Action item ▸
In your output, repeat each entry exactly and include no pictures.

Dataset records ▸
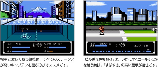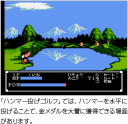 「ハンマー投げゴルフ」や「ビル越え棒幅飛び」のコース、「はちゃめちゃ柔道」で各選手が使える技などは決まっています。なかなか勝てないときは、「れんしゅうモード」で練習し、コースの構造や技の順番を覚えるのがオススメです。 |
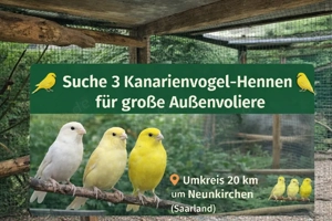 Ich suche 3 Kanarienvogel-Hennen für meine große Außenvoliere. Meine Vögel leben ganzjährig in einer geräumigen, artgerechten Außenvoliere und würden sich über weibliche Gesellschaft freuen. Nur im Umkreis von 20 km um Neunkirchen (Saarland). Abholung selbstverständlich möglich. Bitte gerne mit ...
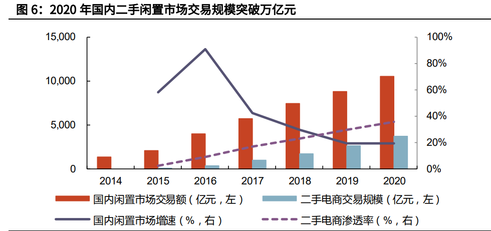 闲置经济崛起,为二手电商快速发展提供驱动力。闲置经济是指用户在二手市场 进行交易,置换闲置物品,延长商品在有限生命周期内的使用价值,从而将商品 使用效率发挥到最大的行为。2014~2020 年间,我国闲置市场规模从 1,328.2 亿元增长至 10,520 亿元,CAGR=41.2%,其中 2020 年同比增速为 19.1%。
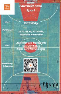 Stattfinden wird das Ganze von Dienstag dem 22.10. - Freitag 25.10. in Butzweiler in der Turnhalle von 10-16 Uhr für 10-15 Jährige. Die Teilnahmegebühr sind 40€, inklusive Verpflegung. Ein Ausflug zu einer Sportstätte ist ebenfalls mit darin.
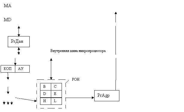 ОЗУ → MD → РгДан → Внутр.магистр
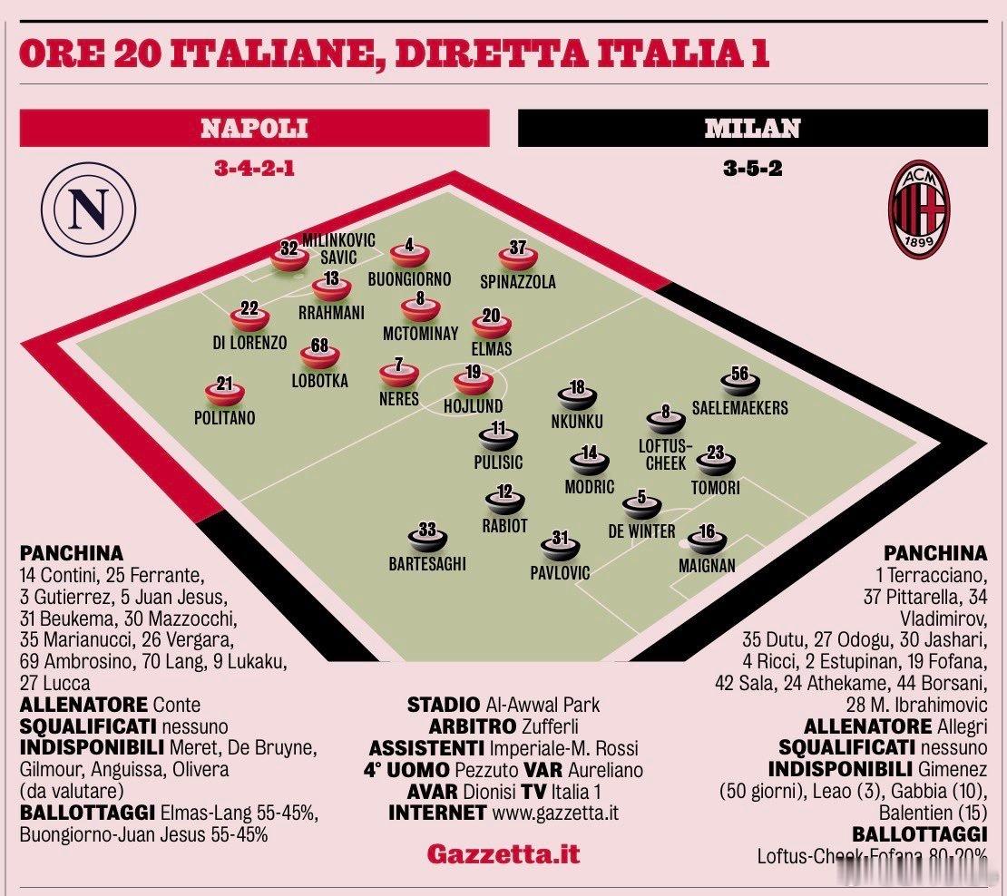 米兰体育报对超级杯第一场半决赛的首发预测如下国际米兰热点解读大家觉得谁能晋级?
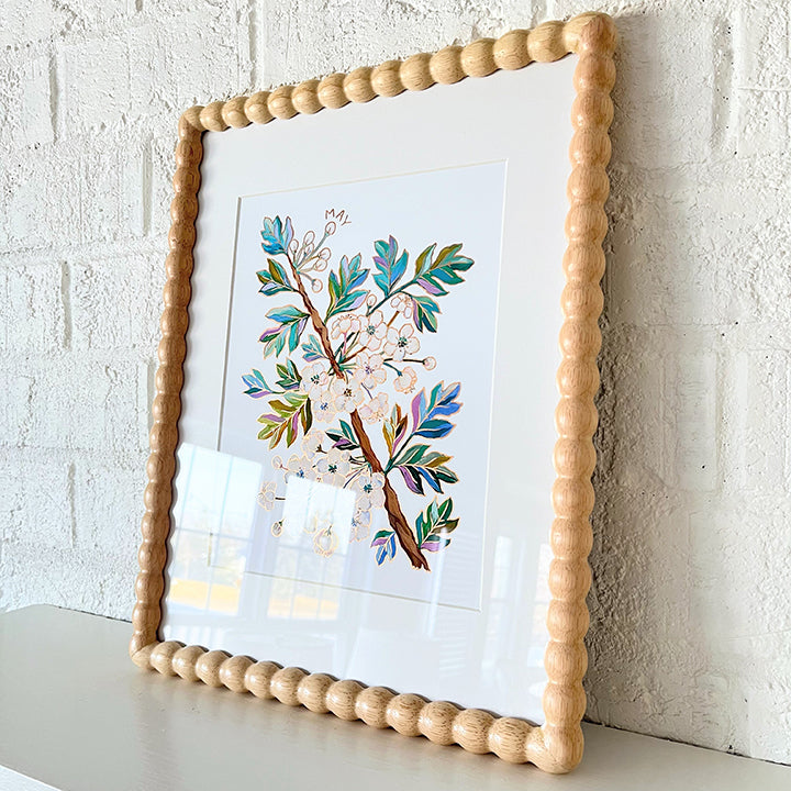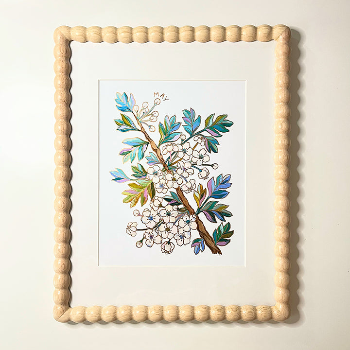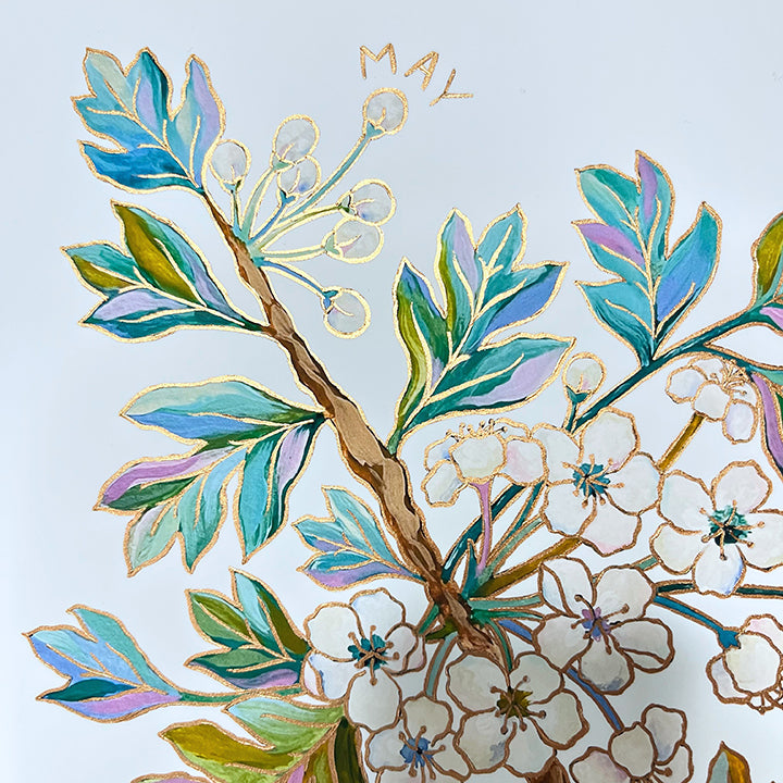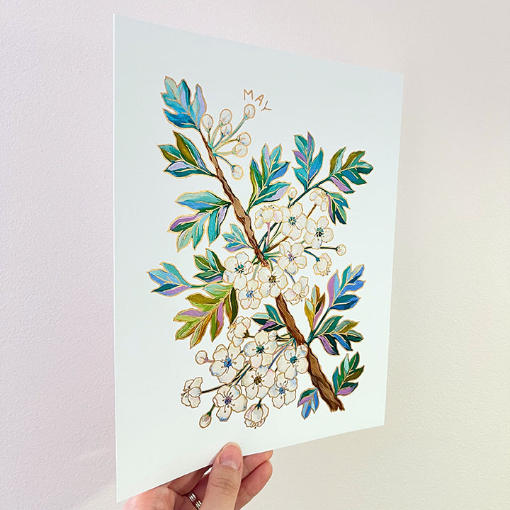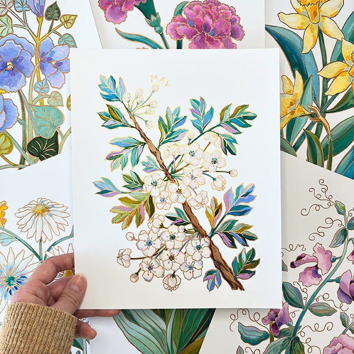 One of May's birth flowers, hawthorns represent protection and love and are captured beautifully in this hand-embellished print. Gift it to a loved one to celebrate a birthday, new baby, Mother's Day, etc. — or form your own family bouquet with a print for each member of your family.

Answer ▸
 「ハンマー投げゴルフ」や「ビル越え棒幅飛び」のコース、「はちゃめちゃ柔道」で各選手が使える技などは決まっています。なかなか勝てないときは、「れんしゅうモード」で練習し、コースの構造や技の順番を覚えるのがオススメです。 |
 Ich suche 3 Kanarienvogel-Hennen für meine große Außenvoliere. Meine Vögel leben ganzjährig in einer geräumigen, artgerechten Außenvoliere und würden sich über weibliche Gesellschaft freuen. Nur im Umkreis von 20 km um Neunkirchen (Saarland). Abholung selbstverständlich möglich. Bitte gerne mit ...
 闲置经济崛起,为二手电商快速发展提供驱动力。闲置经济是指用户在二手市场 进行交易,置换闲置物品,延长商品在有限生命周期内的使用价值,从而将商品 使用效率发挥到最大的行为。2014~2020 年间,我国闲置市场规模从 1,328.2 亿元增长至 10,520 亿元,CAGR=41.2%,其中 2020 年同比增速为 19.1%。
 Stattfinden wird das Ganze von Dienstag dem 22.10. - Freitag 25.10. in Butzweiler in der Turnhalle von 10-16 Uhr für 10-15 Jährige. Die Teilnahmegebühr sind 40€, inklusive Verpflegung. Ein Ausflug zu einer Sportstätte ist ebenfalls mit darin.
 ОЗУ → MD → РгДан → Внутр.магистр
 米兰体育报对超级杯第一场半决赛的首发预测如下国际米兰热点解读大家觉得谁能晋级?
 One of May's birth flowers, hawthorns represent protection and love and are captured beautifully in this hand-embellished print. Gift it to a loved one to celebrate a birthday, new baby, Mother's Day, etc. — or form your own family bouquet with a print for each member of your family.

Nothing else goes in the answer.